How does someone kill 650 women and then bathe in their blood? I mean, I understand how Elizabeth Bathory did it, though accounts vary. But I am baffled as to how – psychologically – one becomes the most prolific female serial killer in history.
Sometimes friends ask me how I decide which Shelved Dolls to do, and generally I say, “I roll how I want to roll, just like an armadillo.” Coincidentally, that is how armadillos escape tricky situations! By rolling!
But, if pressed, I’d say that it has to be a woman who is dead, who has an interesting life story, and was known for her fashion sense of beauty during her time. We stretch it sometimes, like with Dorothy Parker. Still. Weird fashion or beauty treatments are a plus.

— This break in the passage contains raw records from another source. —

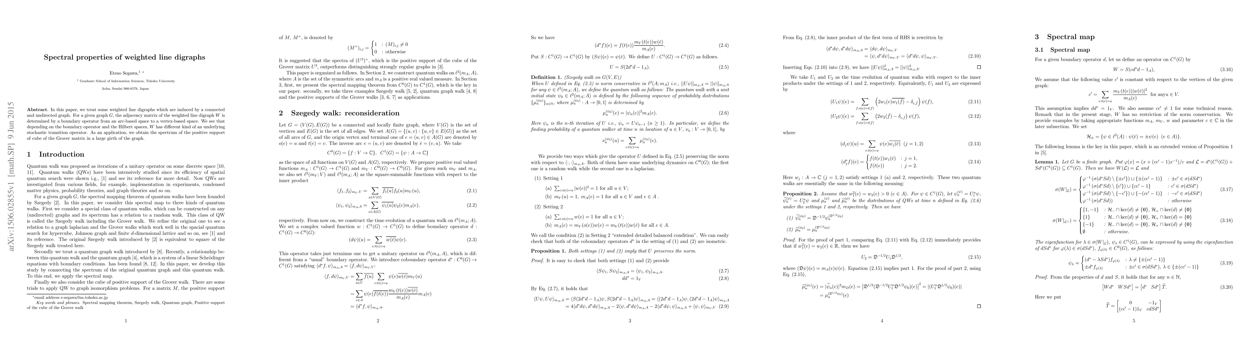 This paper investigates the spectral properties of weighted line digraphs derived from a connected, undirected graph. It determines the adjacency matrix of these digraphs through a boundary operator, revealing diverse stochastic transition operators based on the operator and Hilbert space used. An application demonstrates the spectrum of the positive support of the cube of the Grover matrix in large girth graphs.
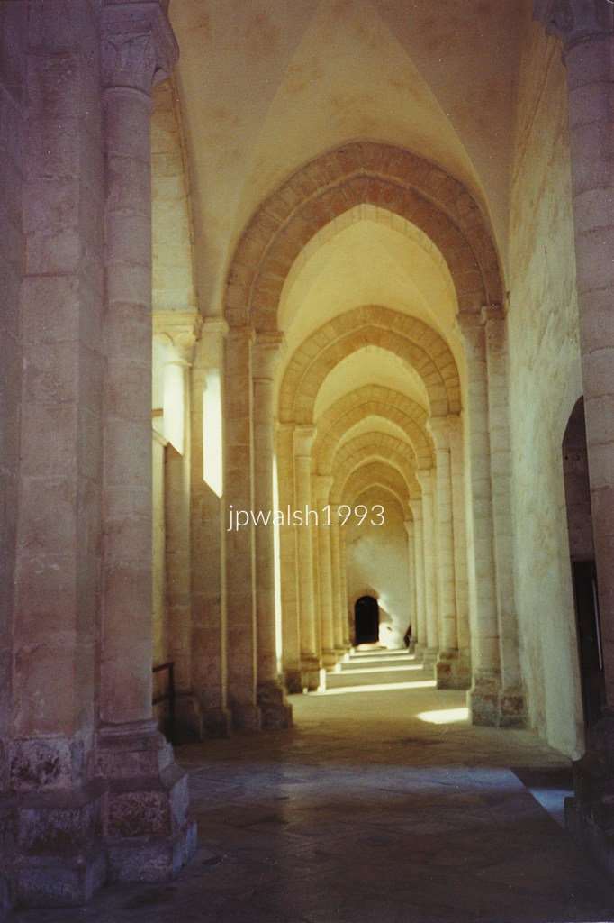 Pontigny, north aisle, 12th century. At Pontigny St. Edmund of Canterbury led the life of a simple monk. Author’s photograph. September 1993.
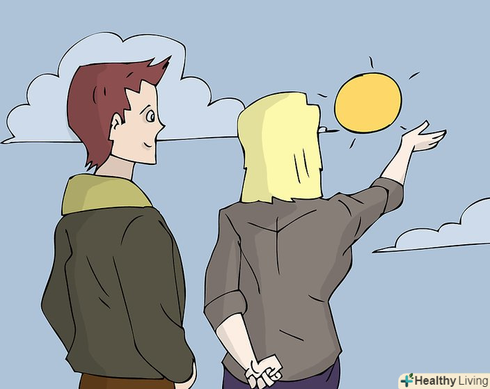 Поговоріть про погоду. не можна зіпсувати розмову нешкідливими коментарями про погоду або про щось щоденне. Зробіть комплімент про те, як сонячно/вітряно/дощово. Так у вас з'явиться безпечна тема для того, щоб розтопити лід. Як тільки він відповість, можна перейти до більш захоплюючим темам.- Намагайтеся бути позитивною, а не скаржитися, навіть якщо за вікном ллє дощ. Хлопцям подобаються веселі, усміхнені дівчата.
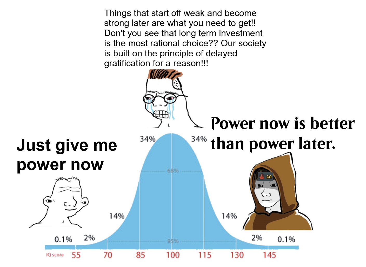 What causes midwits to overvalue or even idolize delayed gratification? How many more runs will they throw by picking "scaling" early, how many more queues of dota will they ruin by rushing Midas?
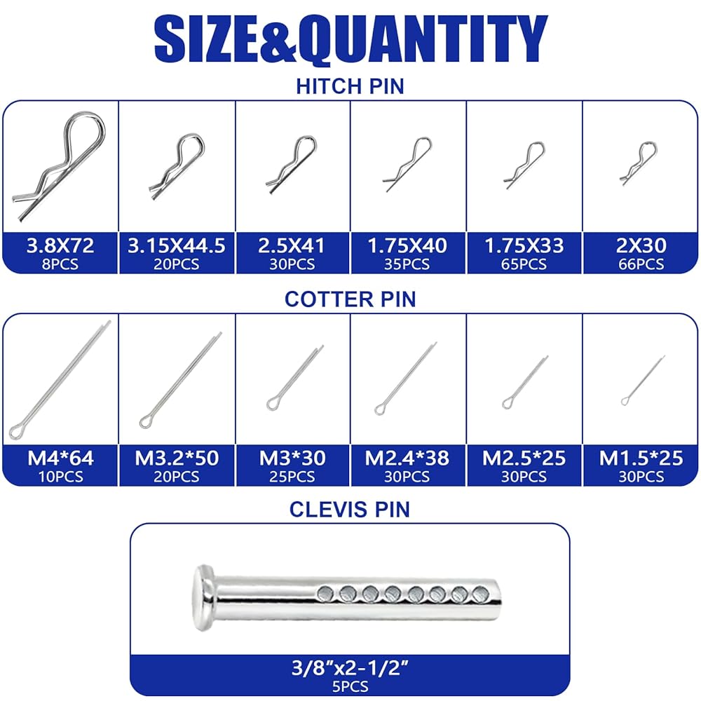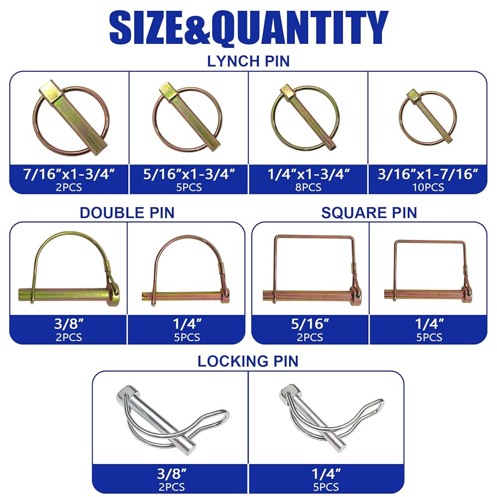 Function: Heavy Duty Pin Assortment Kit, suitable for most quick release applications, such as farms, lawns and gardens, trailer couplers, etc. It is a perfect substitute for locking position and missing parts
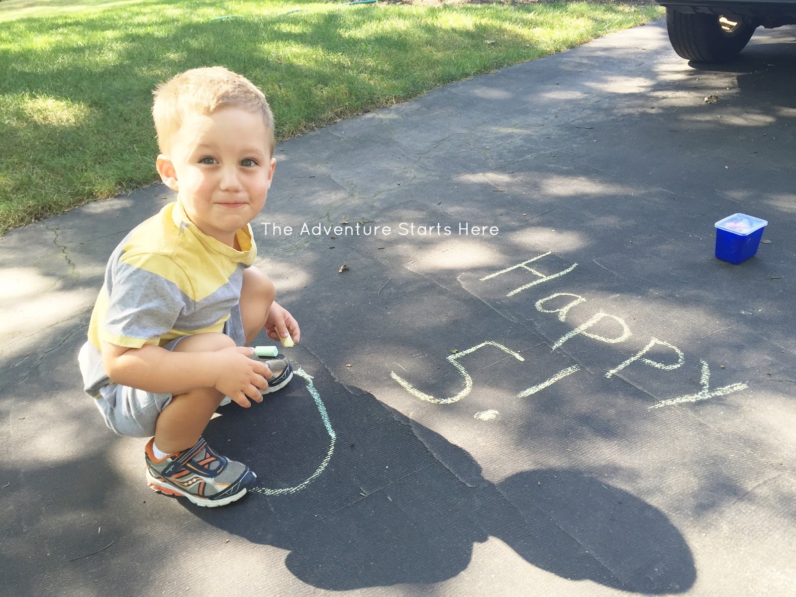 Noah wouldn't attempt saying "Happy Anniversary", so instead, we taught him to say "Happy 5"... it was super cute and he kept saying it all day long :) While I went to get my hair done, Chris took Noah outside to play with the chalk and texted me this super cute message!
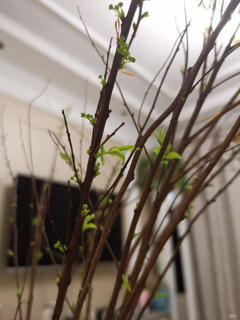 养雪柳真的是一场修行吧~刚买来的就是就是一把枯枝,差点被室友当垃圾扔掉[/11捂脸]坚持每天喷水,一个月才刚发一点点芽,最近开空调可能温度上来了,慢慢的越开越大,终于有机会亲眼见证了枯木逢春![/11泪崩][/11泪崩]期待它开花![/11害羞][/11害羞]
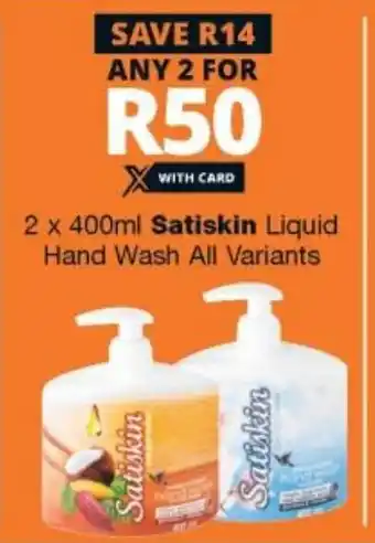 | Satiskin Hand Wash All Variants 2 x 475 ml | Checkers | R 75,00 | Save R23 | 23 October 2025 | 09 November 2025 | ||
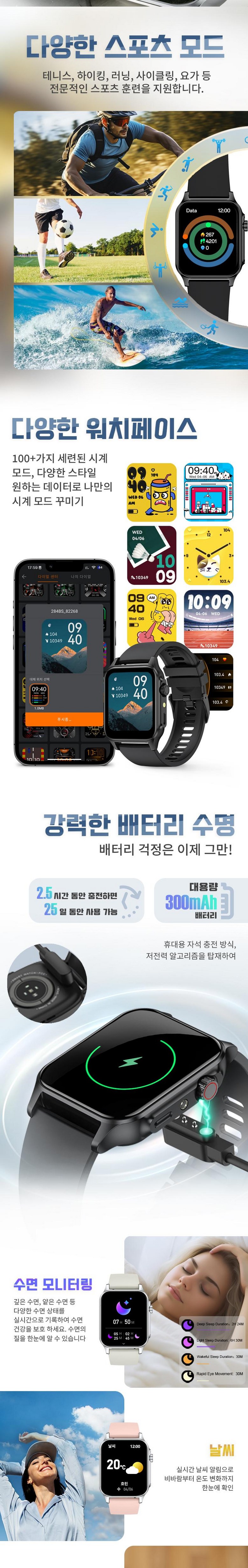 이 스마트 워치는 사용자가 더 건강한 생활을 할 수 있도록 도와줍니다. 걷기, 달리기, 등산, 자전거 타기, 농구와 같은 다양한 운동 모드를 인식하며, 더 다양한 운동을 추천합니다. 또한, 알림 기능이 잘 갖추어져 있어 휴대폰을 들고 있지 않아도 중요한 알림을 놓치지 않습니다. 휴대폰 소프트웨어와 연동되어 편리하게 사용할 수 있습니다.
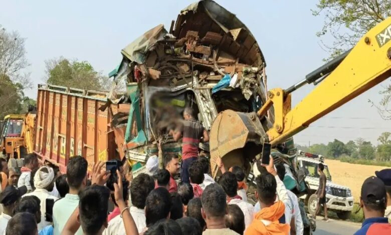 जेसीबी मशीन से क्षतिग्रस्त ट्रक के केबिन को काटकर ड्राइवर का शव बाहर निकाला गया।

“So,” they say, “are you going to do Elizabeth Bathory?”
I guess bathing in virgin blood was one of those beauty treatments that everyone remembers.
And so, since I started this series, I’ve been saying, “No, I have very little interest in profiling what I regard to be the evilest woman in history.”
But then I thought: how can you resist studying the evilest woman in history?
My main hesitation is that no reader would be able to relate to someone who seems to go so far beyond the realm of your garden variety psychopath.
However, I think it’s actually really interesting to understand the circumstances that, in part, caused her to commit such atrocities. Basically, I think we should try to do the – if not impossible – at least very, very difficult thing, here. We should see if we can even begin to understand where Elizabeth Bathory was coming from. And I promise I don’t mean that in a glib “who isn’t afraid of wrinkles!?” kind of way.